この時の流れでは、軍籍のある皇族は大将まで昇進すると、参謀本部付になる慣例がある。参謀本部付の皇族には、やらなければならない仕事は特にない。更に言えば、国軍省や参謀本部に出勤する義務すらない。要は、名誉職である。……もし、私が内大臣にならずに、軍医として働き続けていたら、多分今頃は中佐になっていたと思うから、大将には全然届かないけれど、それでもこの場合は、私を敢えて名誉職につけてもらって、医務局とのかかわりを完全になくすのが、医務局にとっては最善のシナリオだろう。
すると、
「僕は、梨花叔母さまに、内大臣のままでいて欲しいのですが……」
迪宮さまは寂しげに微笑み、私にこんなことを言う。
「いやぁ、流石に、2代の天皇に内大臣として仕えるのは異例過ぎるでしょ。私は、西園寺さんに議員を辞めてもらって、西園寺さんに内大臣をやってもらうのが一番いいと思うよ」
私は甥っ子に苦笑しながら答えた。今の枢密院会議の状況を考えると、内大臣を枢密顧問官である梨花会の人間から選ぶと、枢密院がコントロールできなくなる恐れがある。けれど、梨花会に所属する国会議員が帝国議会から1人抜けても、帝国議会のコントロールは問題なくできる。

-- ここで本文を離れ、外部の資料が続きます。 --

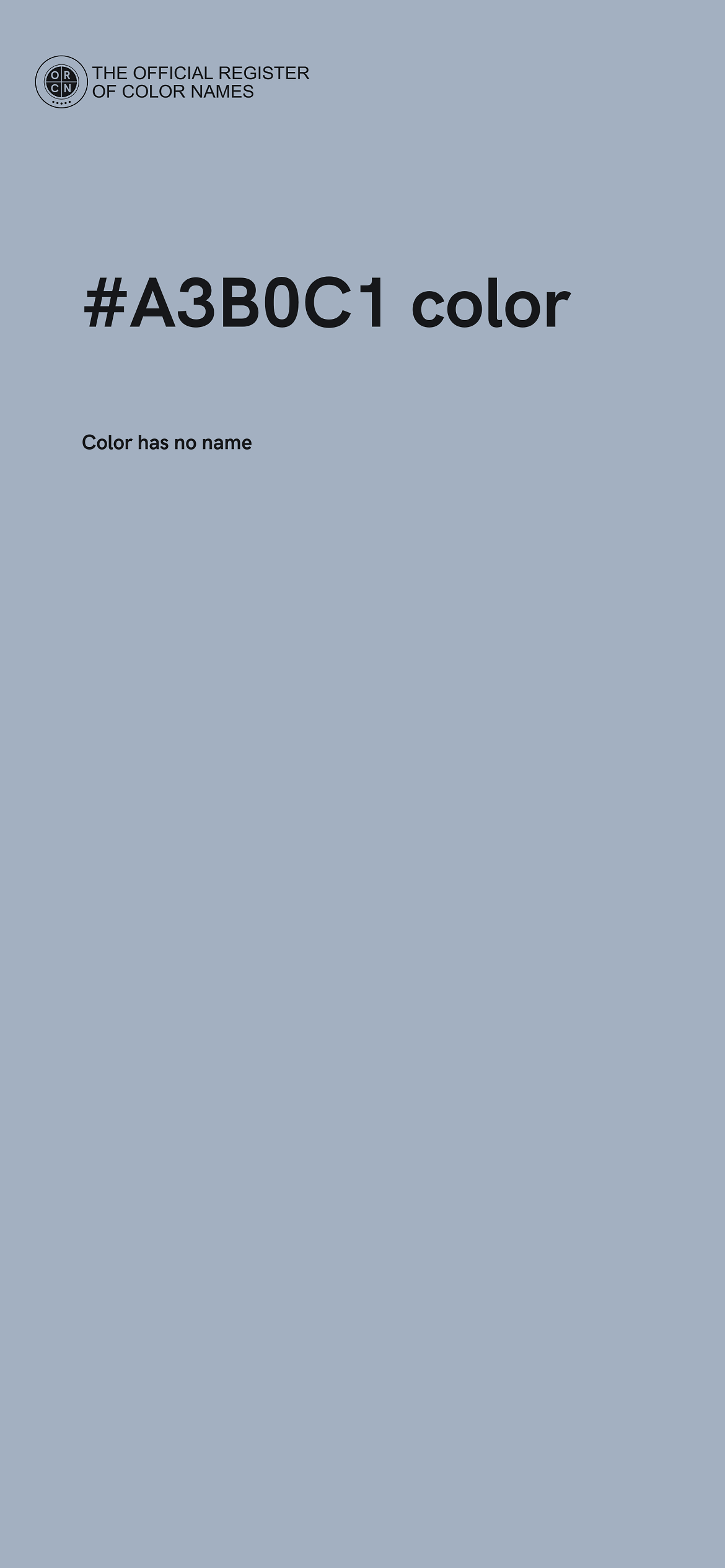 The digital color HEX #A3B0C1 belongs to the Azure Color Family featuring Low Saturation (Saturation Family) and Very Light (Brightness Family).
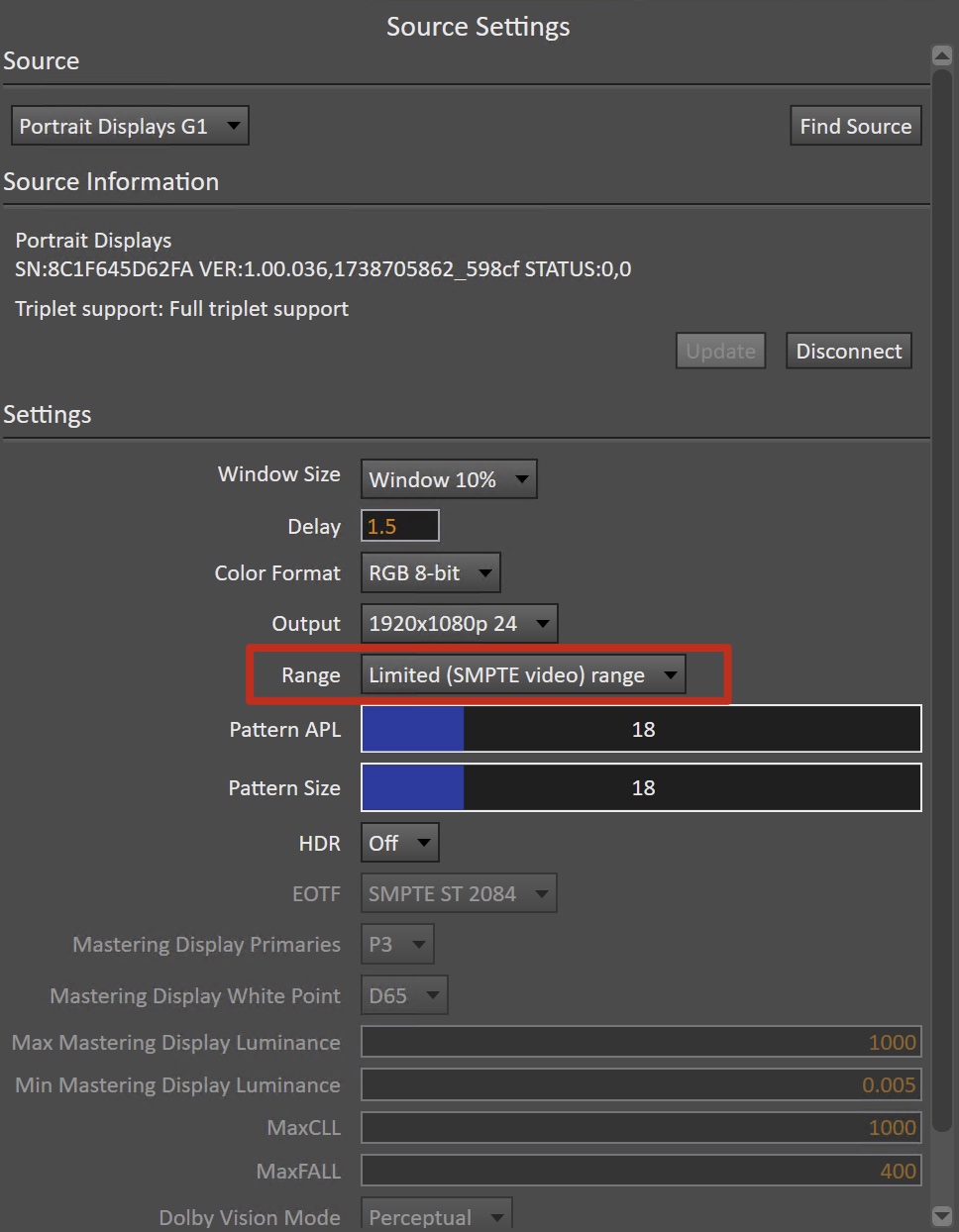 - The test pattern generator in Calman must be set to output the same range as your display/source device.

それに、迪宮さまには大変申し訳ないけれど、私はあくまで、兄の内大臣なのだ。もちろん、迪宮さまには皇族として、軍人として忠義を尽くすけれど、内大臣として忠義を尽くすことはできない。だから兄の退位と同時に、私は内大臣を退き、後任の内大臣は西園寺さんにお願いする……私はこう考えていた。
「内大臣を辞めても、週に1度は俺のところに来いよ」
兄は私に向き直ると、真剣な表情で私に言う。
「お前は俺の主治医なのだからな」
「分かってるよ。ちゃんと往診する」
私が兄に笑顔で応じると、兄も嬉しそうに頷いた。